Иногда я шла к своему участковому терапевту – удивительной еврейской старушке, коренной киевлянке, из тех, что называют осунувшихся женщин вроде меня «деточка», много вздыхала и избегала говорить о дырках в голове моего мужа. Дождавшись своей очереди, я заходила к ней в кабинет, садилась у стола, протягивала руку для измерения давления и плакала. Мне нужен был больничный, чтобы полежать в одиночестве и почитать газету «Факты», и Ирина Моисеевна отлично меня понимала, выписывала на неделю с диагнозом «гипертонический криз, ВСД кардиального типа», и я все эти дни валялась в тупой прострации, читая новости из раздела «криминал и происшествия». Муж находился за стенкой, со своими обросшими кальциевыми шишками тазобедренными суставами, неспособный уже даже просто встать, в детской комнате, в памперсе, который научился менять самостоятельно, с телевизором и ноутбуком с «Вконтакте» и «Одноклассниками». Не знаю, о чем он там переписывался и с кем, но у него появилась масса приятелей там, и даже какие-то девушки звонили ему вечером на мобильный. Ощущая не иначе как предсмертную вседозволенность, он, безумно ухмыляясь разбитым ртом, булькая и задыхаясь, врал им, что у него никого нет. Ребенка я отвозила в сад, как обычно. Свекровь, подустав, уезжала на время таких каникул к себе домой. Целый день мы оставались одни, вдвоем – как и не мечталось раньше. В стеклянной бутылке. Если раньше больница была для меня наполнением стеклянного

шарика, то теперь мир превратился в бутыль, замазанную изнутри белой масляной краской. И я не хотела заходить к нему, у меня не было сил быть рядом с ним. Квартира в эти мартовские дни была налита новым жарким и белым солнцем, ровными недвижимыми тенями, странной тишиной, какой не случалось по выходным.

* * *

Я ничего не написала до сих пор про Седнев. И про ту часть нашей жизни, которая легла дымчатыми воспоминаниями, конвертом черно-белых фотокарточек между его первым вдохом, в ленивом замешательстве, когда он, подхваченный под мышки, был вынут из материнского лона и повернут к синеватой операционной лампе, и тем зрелым августовским солнцем у моря с арбузами. Мы же познакомились на самом деле в Седневе, когда нам было по семь лет. Его покойный отец в советское время был достаточно выдающейся фигурой в киевском художественном мире, его работы хранятся во многих коллекциях, и имя зафиксировано в передовых тематических каталогах, рядом с прочими, всемирно известными. Я совершенно не помню его отца – образ складывается со слов родственников и по задумчивым фотографическим портретам, висящим у них в гостиной на двух стенах, один напротив другого (а между ними, на древнем, помнящем хозяина зеленоватом диване, застилаемом на день вязаным пледом, спит его вдова). В Седневе находится Дом творчества, и в старой художественной тусовке этот дом знают, конечно, все. И у всех, кто в тусовке, имеются этюды, изображающие один и тот же, преимущественно осенний, седневский пейзаж, с кривым обрывистым берегом и уходящей за поля с далеким лесом речкой Снов.

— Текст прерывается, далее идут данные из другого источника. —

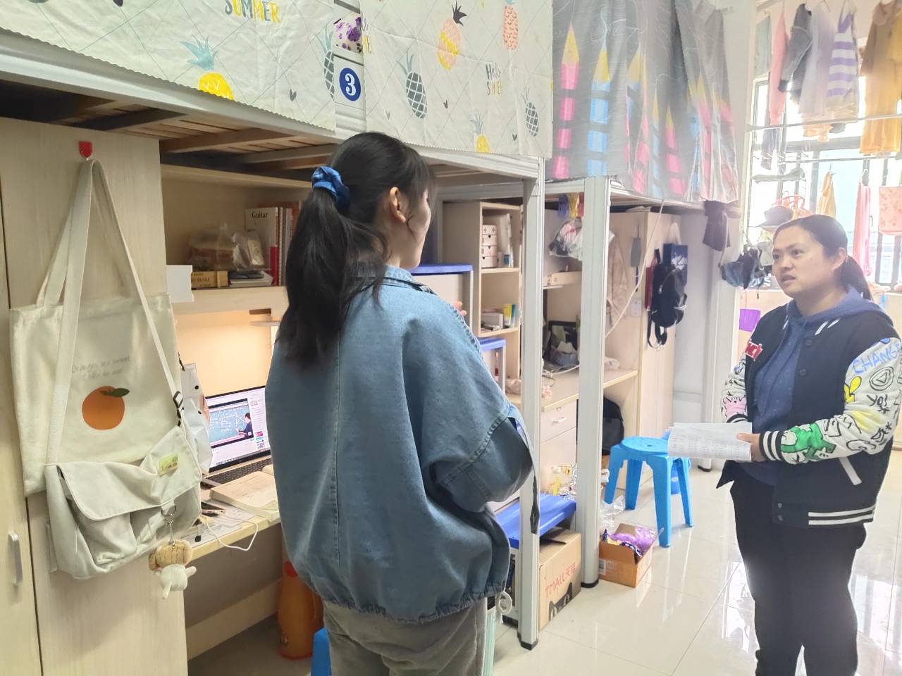 走访过程中,辅导员与转专业学生们亲切交谈,询问转入后的课程选修、教材申领、课业进度、宿舍生活等情况,嘱咐转入同学要尽快适用新环境,努力克服跨专业带来的困难,以崭新的精神面貌全身心地投入到学习中;要积极融入新班级,珍惜室友情、同学情;要注意人身财产安全、宿舍卫生、用电安全等。同时,要求其他同学积极帮助新转入的同学,遇到困难要第一时间向辅导员反映。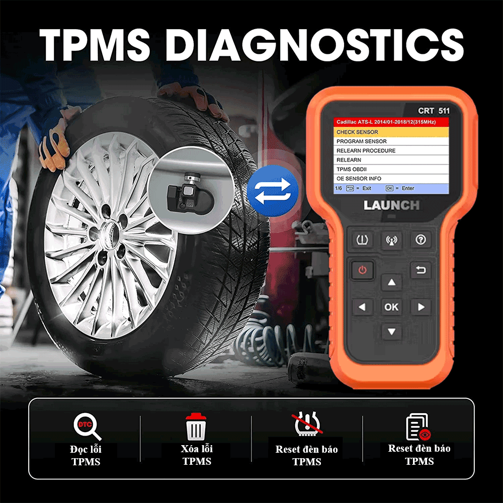 Thiết bị cài đặt áp suất lốp LAUNCH CRT511 là thiết bị chuyên dụng xử lí lỗi liên quan đến áp suất lốp. CRT511 với thiết kế cứng cáp và tính năng tốt nhất trên thị trường hiện nay, cho phép chúng ta cài đặt thay mới những cảm biến chính hãng, xem dữ liệu của lốp: áp suất, pin và nhiệt độ. Có thể tự hiệu chính cả sóng 433/315MHz=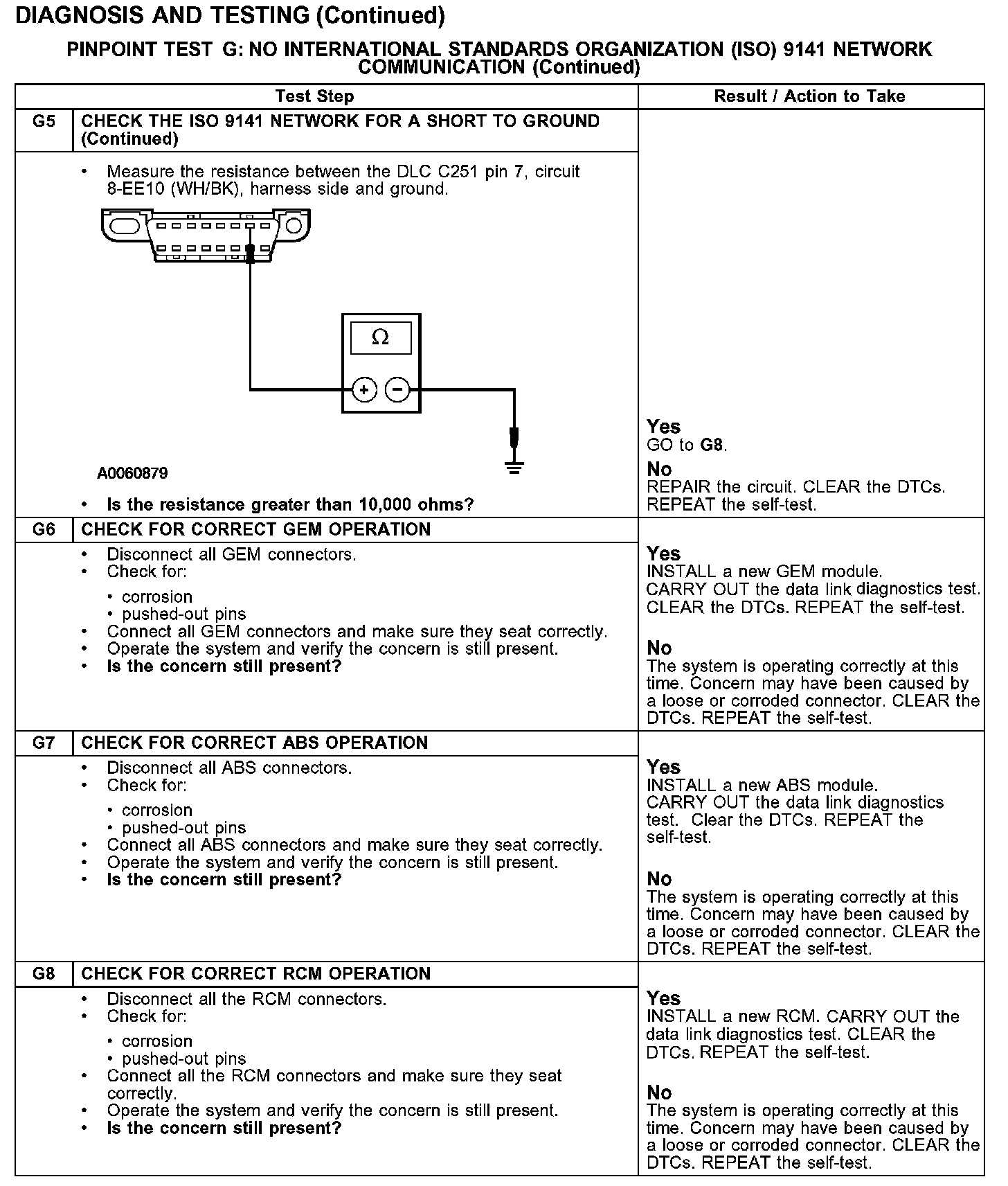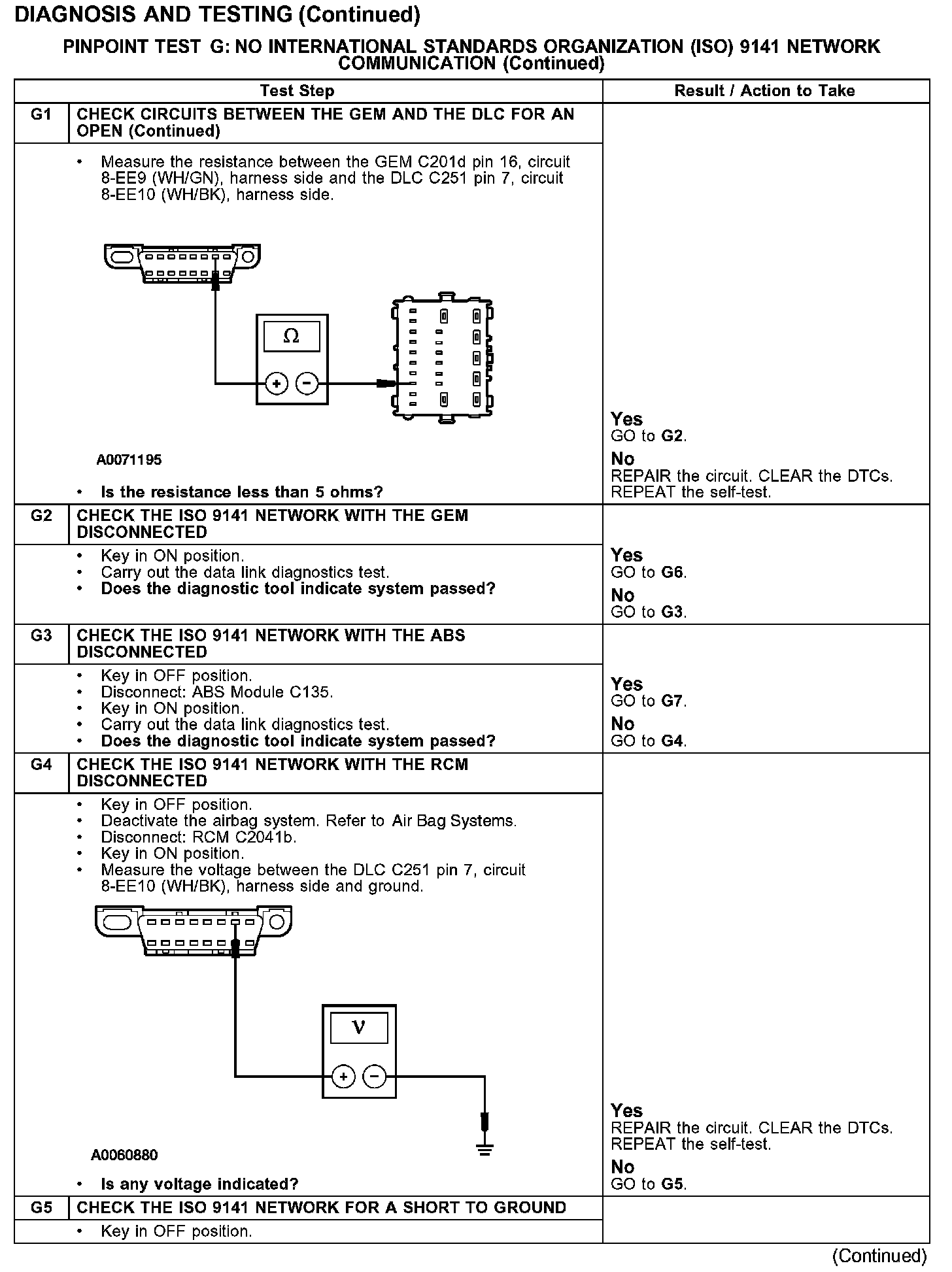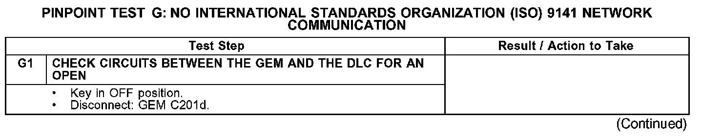 PINPOINT TEST G: NO INTERNATIONAL STANDARDS ORGANIZATION (ISO) 9141 NETWORK COMMUNICATION

Там мы и познакомились с будущим мужем в первый раз, и он это знакомство досадным образом не помнит. Да и я почти не помню – просто они отдыхали с родителями в том же месяце, что и я с мамой, и мы наверняка общались на площадке. Они жили в «домиках», а мы на первом этаже, в корпусе. Я помню многих других детей, помню, как мы вешали на деревья фантики от конфет с какой-то гадостью внутри, таким образом обманывая более младших, которые, обнаружив подмену, потом плакали и жаловались мамам. Помню передачи про мир животных и, в частности, про акул, которые мы смотрели в холле возле столовой, и именно там, во время просмотра, меня вдруг сковал и заморозил страх смерти, то первое, приходящее в детстве трезвое осознание, безжалостное и бесчувственное (ибо все чувства в том контексте бессмысленны), о существовании конца собственной жизни. Мысли о Седневе почему-то выкатывались как воздушные пузыри именно той больничной весной, и именно с тем удушливо-оглушающе-подводным тягостным привкусом и булькали в моем отупленном сознании, словно привлекая внимание к решению какой-то совсем другой жизненной задачи.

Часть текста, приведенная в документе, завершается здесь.